WORK TO BE COMPLETED >> In full and word for word, copy the listing; no pictures belong in the copy.
↓↓↓
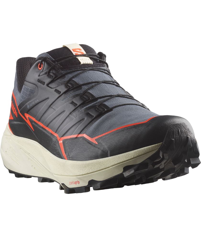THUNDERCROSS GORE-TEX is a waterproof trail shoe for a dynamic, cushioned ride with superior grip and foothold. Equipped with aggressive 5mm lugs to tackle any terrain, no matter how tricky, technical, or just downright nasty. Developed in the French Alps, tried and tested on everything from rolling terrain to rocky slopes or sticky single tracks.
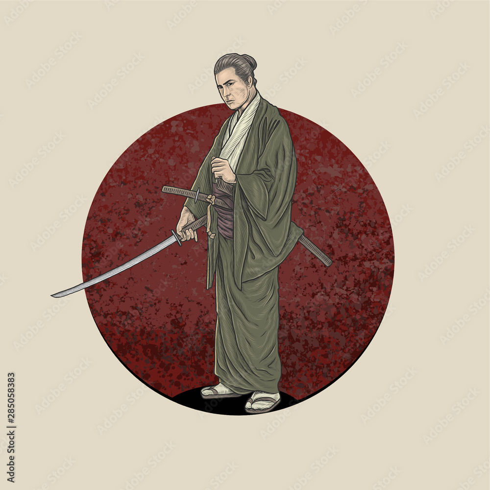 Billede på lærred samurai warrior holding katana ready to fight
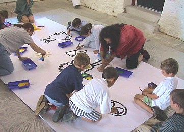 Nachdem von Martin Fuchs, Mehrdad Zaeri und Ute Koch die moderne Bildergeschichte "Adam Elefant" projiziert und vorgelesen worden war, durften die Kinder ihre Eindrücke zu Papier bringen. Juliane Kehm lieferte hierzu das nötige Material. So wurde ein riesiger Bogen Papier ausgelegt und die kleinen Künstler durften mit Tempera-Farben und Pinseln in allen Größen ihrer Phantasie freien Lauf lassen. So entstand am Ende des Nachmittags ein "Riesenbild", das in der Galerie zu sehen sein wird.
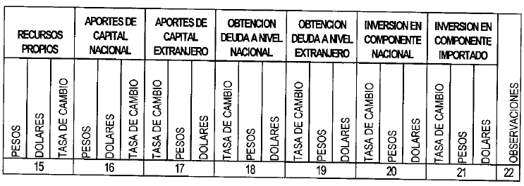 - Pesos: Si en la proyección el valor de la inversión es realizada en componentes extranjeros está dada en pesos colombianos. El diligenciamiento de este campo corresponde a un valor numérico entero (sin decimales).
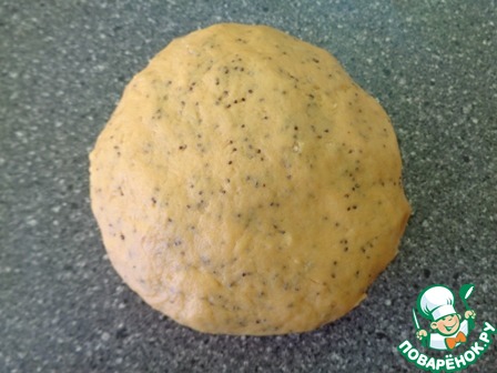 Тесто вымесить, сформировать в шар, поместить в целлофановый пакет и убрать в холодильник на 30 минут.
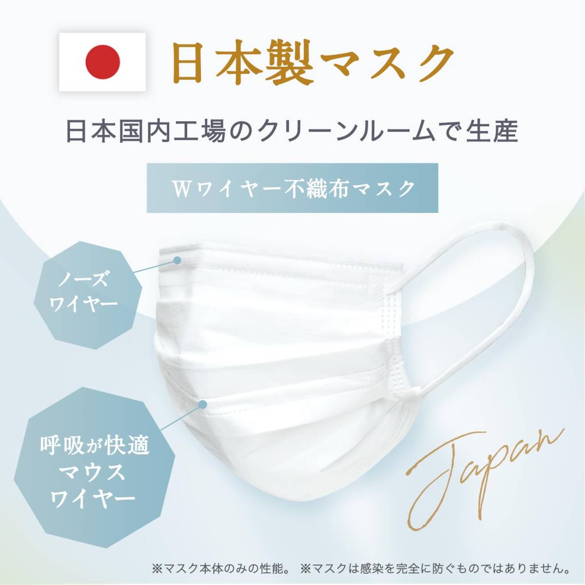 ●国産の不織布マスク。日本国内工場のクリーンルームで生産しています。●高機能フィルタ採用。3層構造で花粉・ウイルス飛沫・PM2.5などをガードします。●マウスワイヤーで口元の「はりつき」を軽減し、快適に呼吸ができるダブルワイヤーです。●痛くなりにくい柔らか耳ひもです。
↑↑↑
ANSWER AREA >>
THUNDERCROSS GORE-TEX is a waterproof trail shoe for a dynamic, cushioned ride with superior grip and foothold. Equipped with aggressive 5mm lugs to tackle any terrain, no matter how tricky, technical, or just downright nasty. Developed in the French Alps, tried and tested on everything from rolling terrain to rocky slopes or sticky single tracks.
 Billede på lærred samurai warrior holding katana ready to fight
 Nachdem von Martin Fuchs, Mehrdad Zaeri und Ute Koch die moderne Bildergeschichte "Adam Elefant" projiziert und vorgelesen worden war, durften die Kinder ihre Eindrücke zu Papier bringen. Juliane Kehm lieferte hierzu das nötige Material. So wurde ein riesiger Bogen Papier ausgelegt und die kleinen Künstler durften mit Tempera-Farben und Pinseln in allen Größen ihrer Phantasie freien Lauf lassen. So entstand am Ende des Nachmittags ein "Riesenbild", das in der Galerie zu sehen sein wird.
 - Pesos: Si en la proyección el valor de la inversión es realizada en componentes extranjeros está dada en pesos colombianos. El diligenciamiento de este campo corresponde a un valor numérico entero (sin decimales).
 Тесто вымесить, сформировать в шар, поместить в целлофановый пакет и убрать в холодильник на 30 минут.
 ●国産の不織布マスク。日本国内工場のクリーンルームで生産しています。●高機能フィルタ採用。3層構造で花粉・ウイルス飛沫・PM2.5などをガードします。●マウスワイヤーで口元の「はりつき」を軽減し、快適に呼吸ができるダブルワイヤーです。●痛くなりにくい柔らか耳ひもです。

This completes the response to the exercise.